Recently, I started working on a personal project to crawl TvTropes, essentially a casual wiki for discussing pop culture, make a graph of those works which reference each other, and then calculate the “impact factor” of each work in the same way as Google judges the quality of a website by the people that link to it.
I had this as my first attempt at crawling TvTropes.
It was horribly broken of course, Python doesn’t let you recurse
more than 1000 levels by default. This is actually a feature, since
such deep recursion is usually a bug outside of functional programming.
The reason I was running into it here was because I was essentially
trying to recursively walk a tree with a node for every page on TvTropes,
which has about a half million of them by my count. My initial workaround
was to just do
sys.setrecursionlimit(2000000) and get rid of the limit.
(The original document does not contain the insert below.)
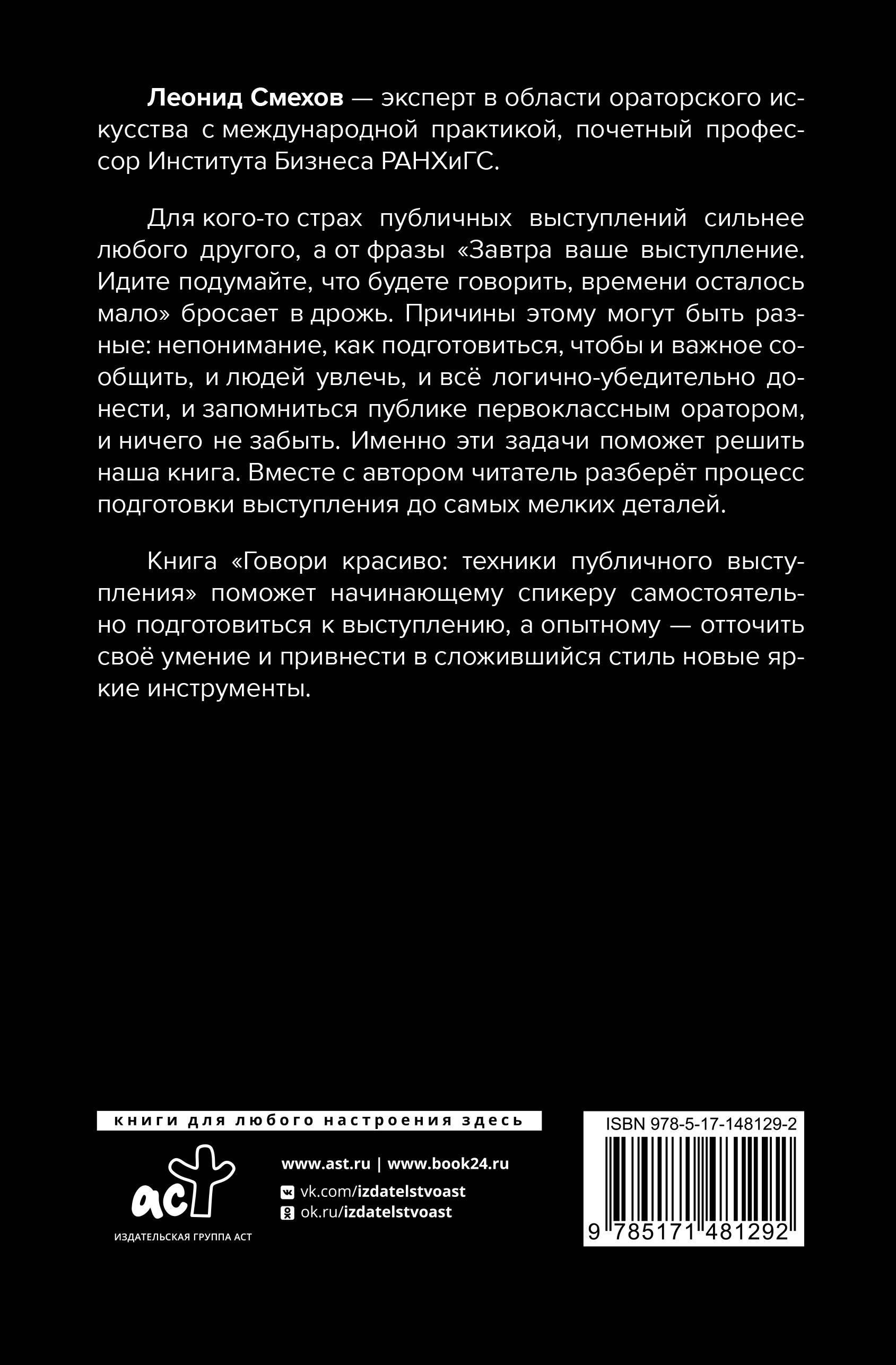 Леонид Смехов - эксперт в области ораторского искусства с международной практикой, почетный профессор Института Бизнеса РАНХиГС. Для кого-то страх публичных выступлений сильнее любого другого, а от фразы: "Завтра ваше выступление. Идите подумайте, что будете говорить, времени осталось мало" бросает в дрожь. Причины этому могут быть разные: непонимание, как подготовиться, чтобы и важное сообщить, и людей увлечь, и всё логично-убедительно донести, и запомниться публике первоклассным оратором, и ничего не забыть. Именно эти задачи поможет решить наша книга. Вместе с автором читатель разберёт процесс подготовки выступления до самых мелких деталей. Книга "Говори красиво: техники публичного выступления" поможет начинающему спикеру самостоятельно подготовиться к выступлению, а опытному - отточить своё умение и привнести в сложившийся стиль новые яркие инструменты и техники. Ведь умение говорить красиво и грамотно, производить приятное впечатление, выступать на публике дает возможность добиться успеха в любой профессиональной сфере.| Издательство | ИЗДАТЕЛЬСТВО "АСТ" |

This wasn’t the right thing to do and the crawler was missing substantial
numbers of pages.
The solution to my problem was to just use the scrapy library. It was much faster than my code and wasn’t missing pages. As a general rule, if you have a need for some code that does X and you’re not trying to learn more about X you should look for a library instead of rolling your own. If you have to roll your own, then you should make it an open-source project and give back to the community. The way scrapy “walks the tree” if it has a queue of webpages to crawl that it pushes webpages onto and pops them out of. This gets around the issue of limited stack space, by allocating everything on the heap and is the efficient way if your language does not automatically optimize tail recursion. Spoiler alert, Python doesn’t.
In a language that does optimize tail calls, such as Haskell instead of allocating more room on the stack every time we call a function, we can check if the function call is the final expression in a method and choose to reuse the stack space from the function that we’re calling from. This works because we know none of the data stored in that part of the stack is needed anymore.